As I write this I am just back from the European triennial Airmed2005 in Barcelona, and as you read this we will be in the final stages of production for this year's AMTC in Austin, which is on its way to being the largest gathering of the community yet.
As noted across the year, we are focusing this year's annual gathering on high performance in the high consequence environment. In the parlance of quality management, the term for success has become high reliability in describing organizations that consistently produce measured successful results with a minimal error rate.
In medicine today, the general thought is that most health care organizations operate at some-where between 90%-99% reliability. Even 99% reliability equates to a substantial number of errors. As measured in error rates, 100,000 errors per million is a 90% success and 10,000 errors per million equates to 99% reliability. Stated in six sigma terms, most health care organizations operate between 3 and 4 sigma, whereas the highest reliability organizations strive for 6 sigma measured reliability with an error rate of 3-4 occurrences per million actions.
 | 1 sigma | 690,00 defects per m |  |
 | 2 sigma | 308,00 |  |
 | 90% reliability 100K defects per m |  |
 | 3 sigma | 66,800 |  |
 | 99% reliability 10K defects per m |  |
 | 4 sigma | 6210 |  |
 | 5 sigma | 230 |  |
 | 6 sigma | 3-4 |  |
| | |
In any complex operation it is not possible to reduce errors to zero.
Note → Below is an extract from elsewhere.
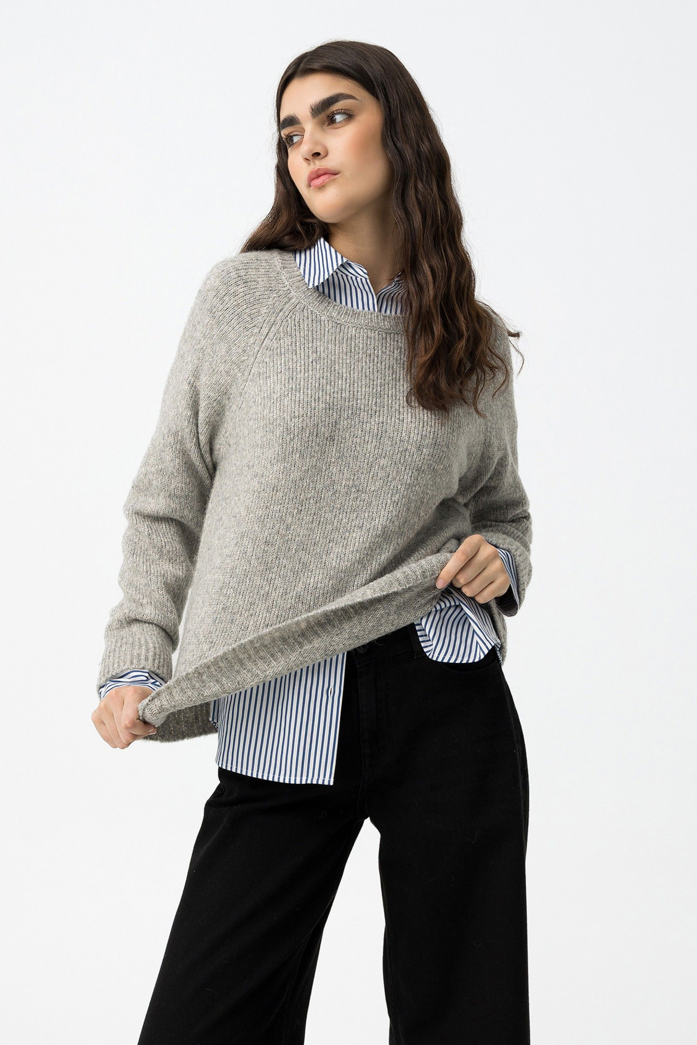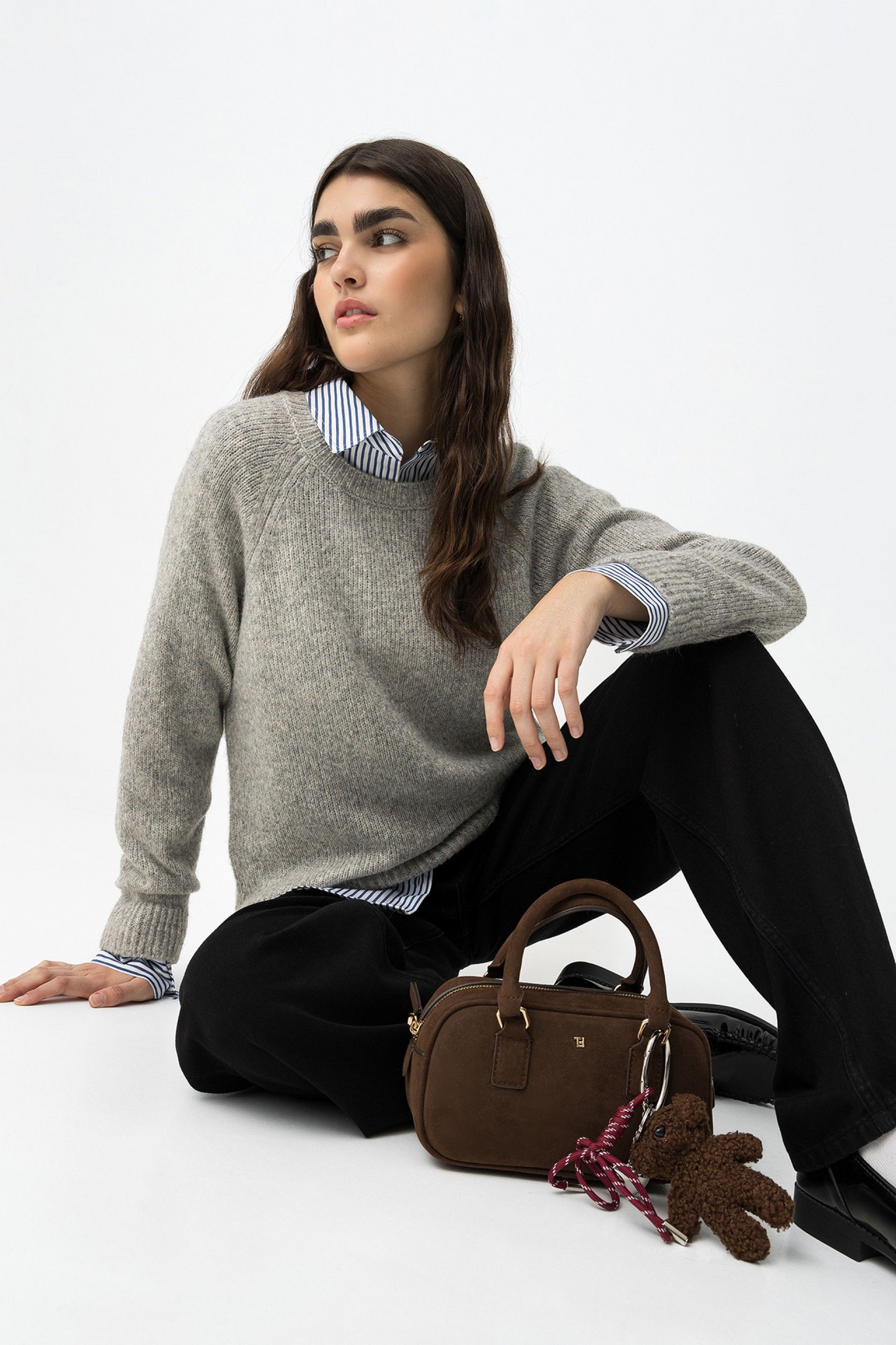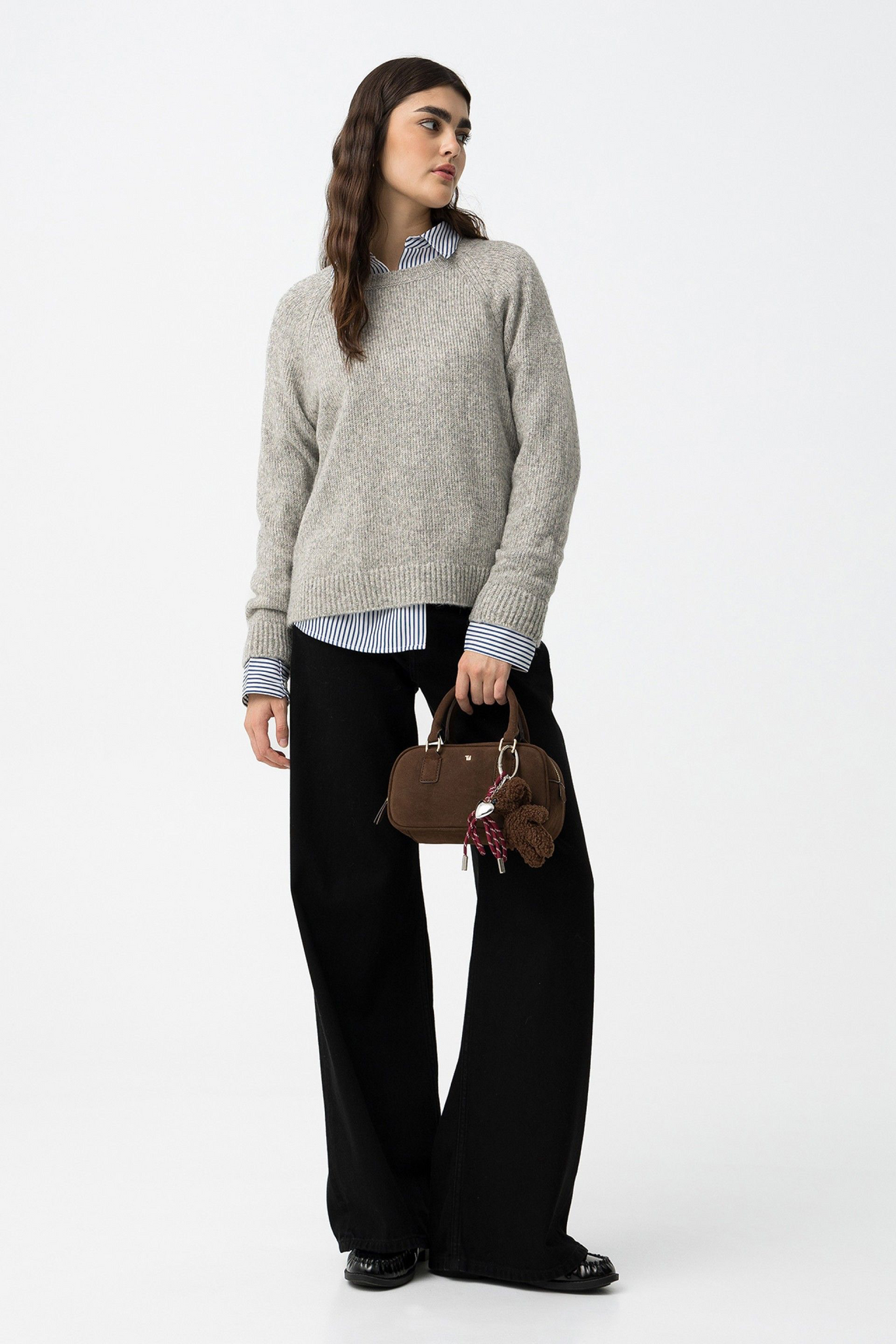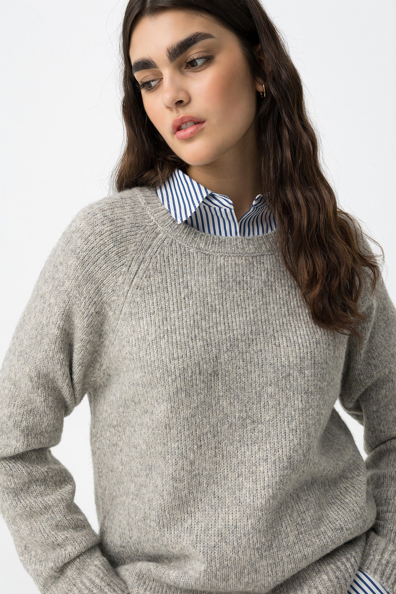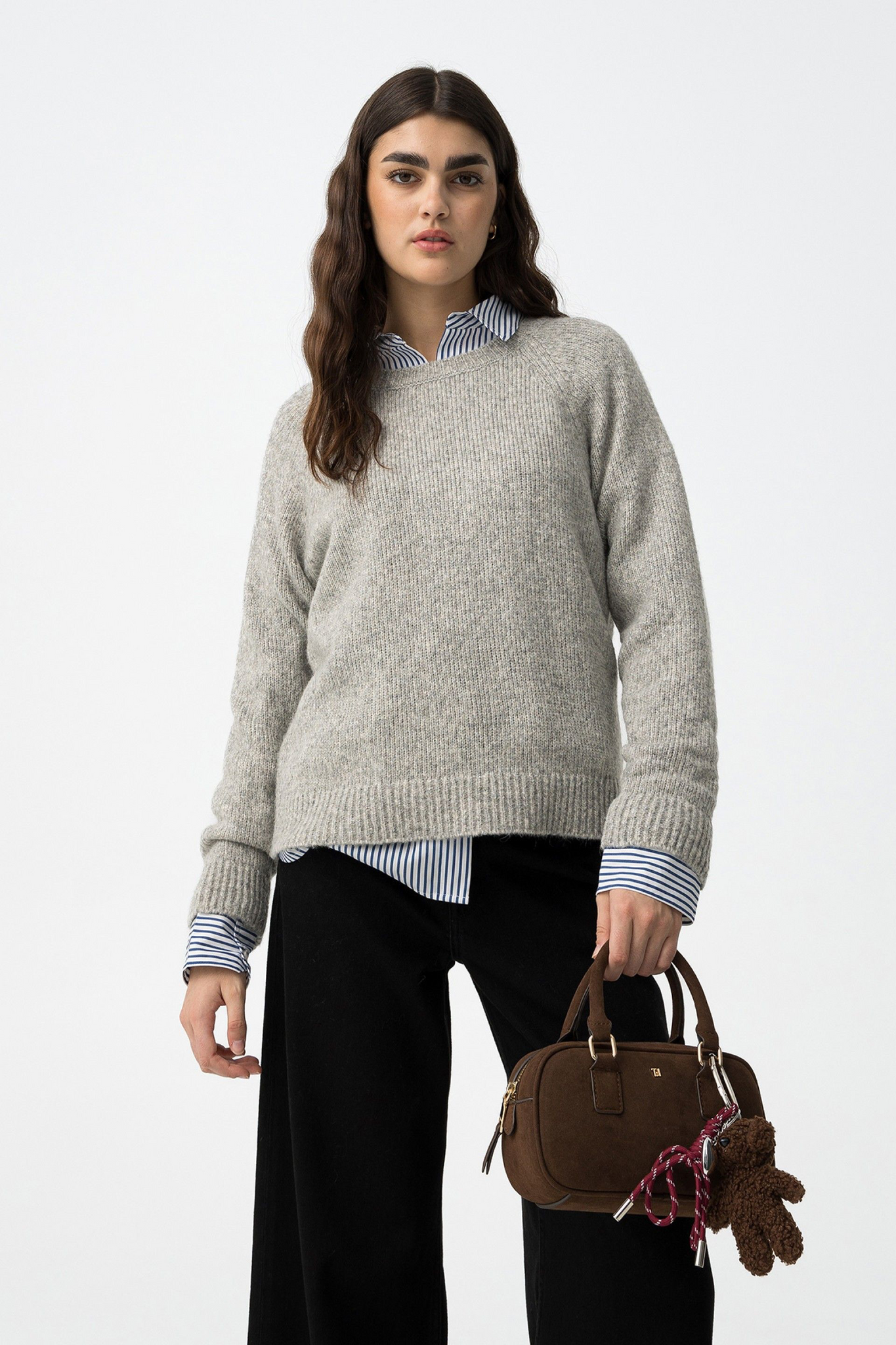Jersey de punto con cuello redondo y mangas raglán. Puños y bajo en rib.

Successful organizations recognize, however, that while it is not possible to eliminate errors, through multiple error-trapping processes, it is possible to minimize and eliminate errors of consequence. In our arena this recognizes that, while it is not possible to achieve a zero accident/incident rate, it is indeed possible to achieve a zero fatality or serious injury rate similar to recent years' experience by the scheduled airlines.
Faced with continuing challenges in improving the safety of air medicine, AAMS has adopted an initiative entitled Vision Zero. The Foundation for Air Medical Research and Education (FARE), together with AAMS, are undertaking a series of strategies to deliver the Vision. A steering committee comprising leadership from the AAMS Safety, Standards, PR, and Communications committees, together with members representing FARE and CAMTS, has taken the task of fleshing out the conceptual framework.
The concept of Vision Zero was developed originally in Sweden to eliminate fatal motor vehicle accidents through a combination of education, engineering, and enforcement. Recognizing that the only guaranteed mechanism for eliminating crashes is to not drive, the concept was to develop cost/benefit analysis of potential public policy strategies to adopt the best investment for improvement. It is essential to recognize up front that while many strategies may have low costs, cost effectiveness is not the same as least cost, and all strategies require investment inputs.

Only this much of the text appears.